I will probably spend some of my day with Brett staring west, at the Hakarimata and Hapuakohe Ranges, which together stand like a wall between the flatlands of the Hauraki and the Waikato River.

Like so many New Zealanders, I was raised amidst hills and valleys and trees, and sometimes feel lost and a little dizzy on a bare plain. In the same way that a disorientated yachtie might search a horizon for a familiar rock or star, I have to check the anxiety flat country gives me by looking into the distance for hills or, better still, mountains. The Hakarimata-Hapuakohes only rise a few hundred metres, and are covered in regrowth forest and scrub, but set beside the yellowing dairy farms, gravel pits, and peat swamps of the Waikato they seem thousands of feet high and primordially green.

I took this photo of the Hakarimatas from Gordonton Road, which flows southwest from State Highway One below the sacred maunga of Taupiri, past a dairy farmers' golf course and the ancient marae of Hukanui, into the bleak new northern suburbs of Hamilton. About this time last year, Gordonton Road began to lose traffic to the new four lane expressway Steve Joyce built between Hamilton and Taupiri township.
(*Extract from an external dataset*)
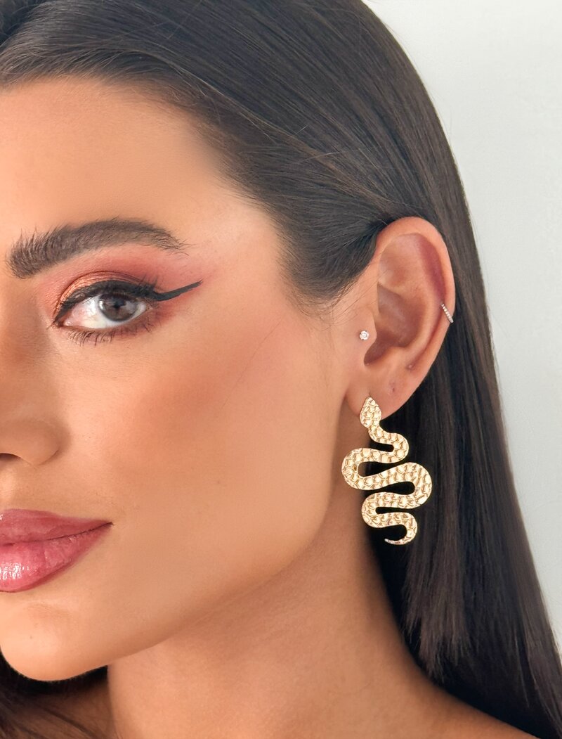 3. Brinco Folheado a Ouro 18k e Prata Serpente Texturizada

Where Gordonton Road is adorned with bends and dips and rises, Joyce's expressway is determinedly flat and straight.

Without their shoals of commuters and daytrippers, Gordonton and nearby roads sometimes have the melancholy tranquility of estuaries at low tide.

If you're driving through the Waikato this holiday season, you might enjoy avoiding Steve Joyce's four lanes and giving the old roads your custom.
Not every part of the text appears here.